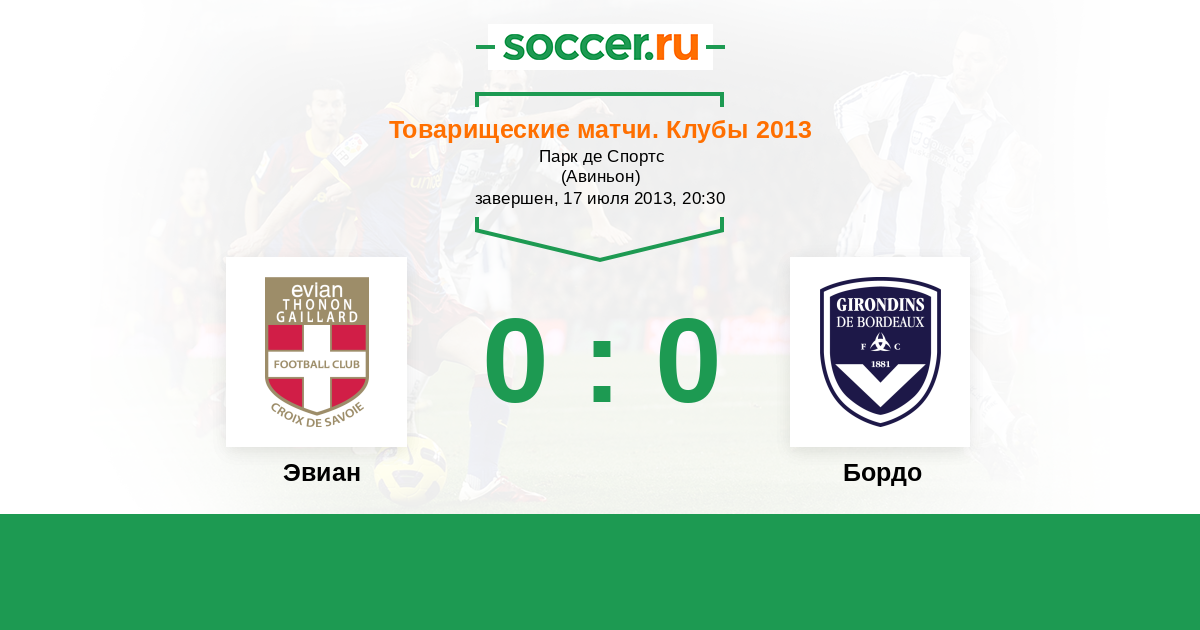 Эвиан - Бордо: обзор матча 17 июля 2013
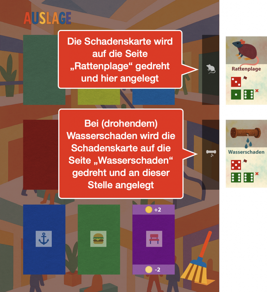 Füllt das leere Feld wie gewohnt mit einer neuen Store-Karte auf, nehmt aber zusätzlich die Schadenskarte und dreht sie auf die passende Seite (Rattenplage / Wasserschaden). Legt sie dann an den passenden Slot am rechten Rand der Auslage.
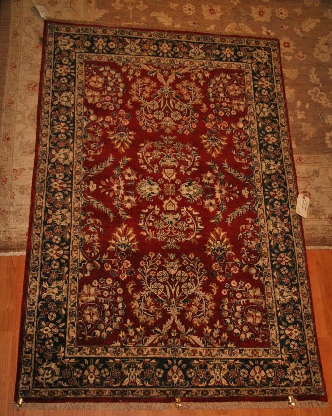 Extra Fine Indian Sarouk Deep Burgundy/Blue 4 x 6
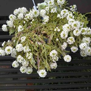 2021*2*17 ☃️少しのち☁️ 【スーパーアリッサム】 今日は、1日中 風がピューピュー吹いて 寒い。朝は、雪もチラホラ。南側から北側 玄関へ。 少し 丸くなって可愛い~😍
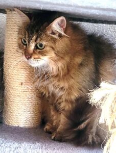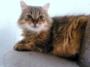 Pushanja geboren Anfang 2024 und Tusja, geboren Anfang 2022,  hängen sehr aneinander. Da sie auch zusammen gefunden wurde, vermuten wir, dass es Mutter und Tochter sind. Tusja ist sehr verschmust, geniest es, wenn ihr längeres Haarkleid gekämmt wird. Sie bringt sich in alle Positionen, damit die streichelnden Hände alle Körperteile erwischen. Sie ist ein wunderbares Tier.
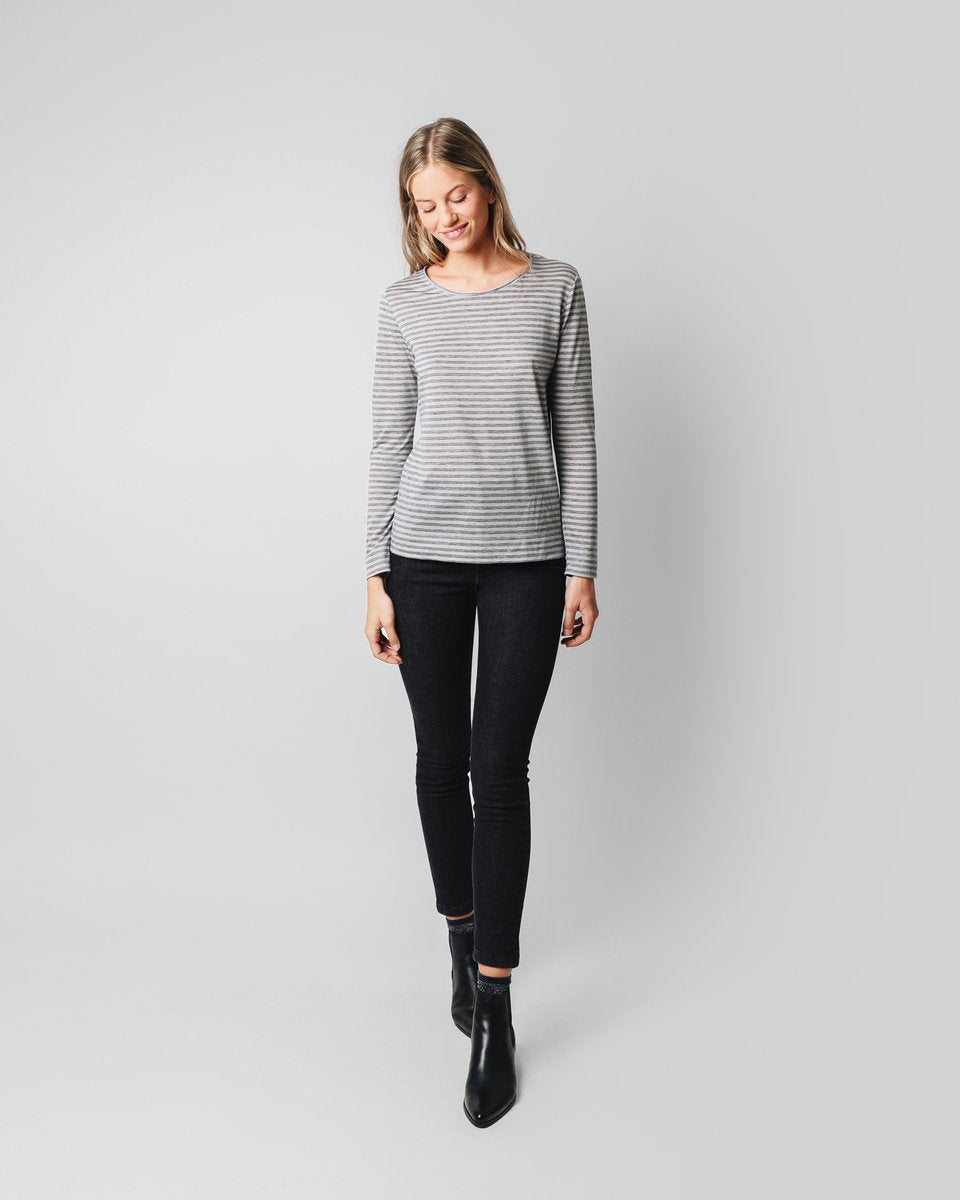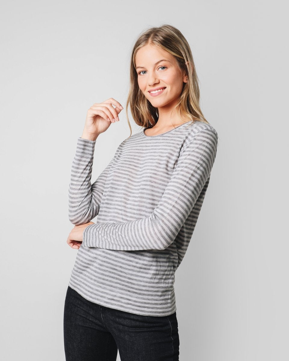 Camiseta con estampado de rayas. Corte Regular Fit, cuello redondo y manga larga.
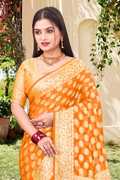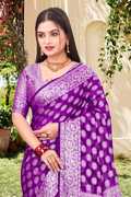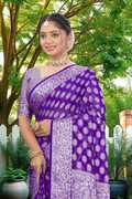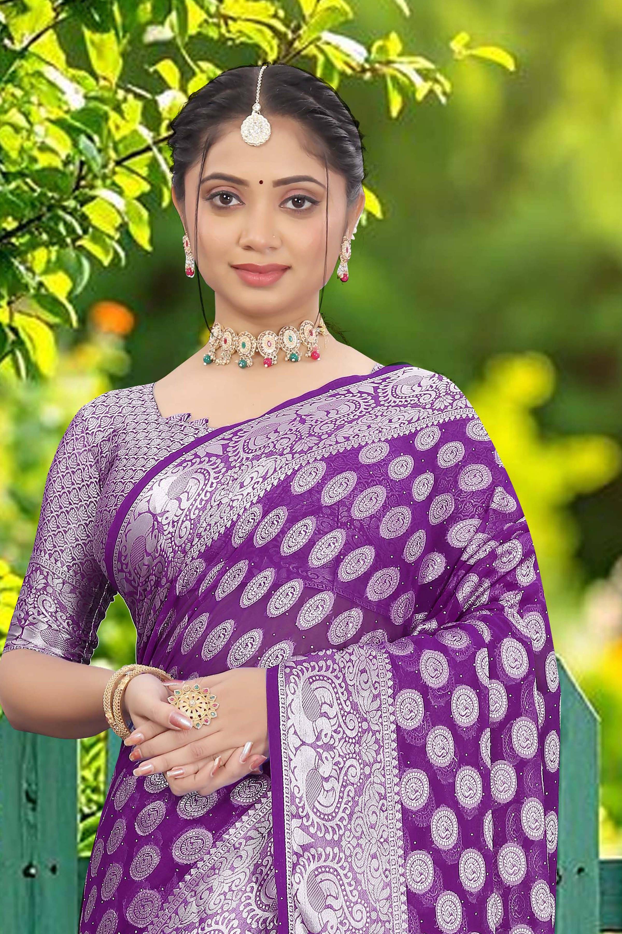 FINE WEAR Woven Banarasi Georgette Saree (Multicolor)
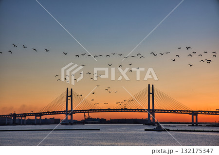 朝焼けの横浜ベイブリッジ-目覚める街と飛び立つ鳥たち

**What to produce**
Write out, word for word, only the lines from the one containing "Füllt das leere" to the end of the data above; the pictures stay out.

**Answer**
 Füllt das leere Feld wie gewohnt mit einer neuen Store-Karte auf, nehmt aber zusätzlich die Schadenskarte und dreht sie auf die passende Seite (Rattenplage / Wasserschaden). Legt sie dann an den passenden Slot am rechten Rand der Auslage.
 Extra Fine Indian Sarouk Deep Burgundy/Blue 4 x 6
 2021*2*17 ☃️少しのち☁️ 【スーパーアリッサム】 今日は、1日中 風がピューピュー吹いて 寒い。朝は、雪もチラホラ。南側から北側 玄関へ。 少し 丸くなって可愛い~😍
 Pushanja geboren Anfang 2024 und Tusja, geboren Anfang 2022,  hängen sehr aneinander. Da sie auch zusammen gefunden wurde, vermuten wir, dass es Mutter und Tochter sind. Tusja ist sehr verschmust, geniest es, wenn ihr längeres Haarkleid gekämmt wird. Sie bringt sich in alle Positionen, damit die streichelnden Hände alle Körperteile erwischen. Sie ist ein wunderbares Tier.
 Camiseta con estampado de rayas. Corte Regular Fit, cuello redondo y manga larga.
 FINE WEAR Woven Banarasi Georgette Saree (Multicolor)
 朝焼けの横浜ベイブリッジ-目覚める街と飛び立つ鳥たち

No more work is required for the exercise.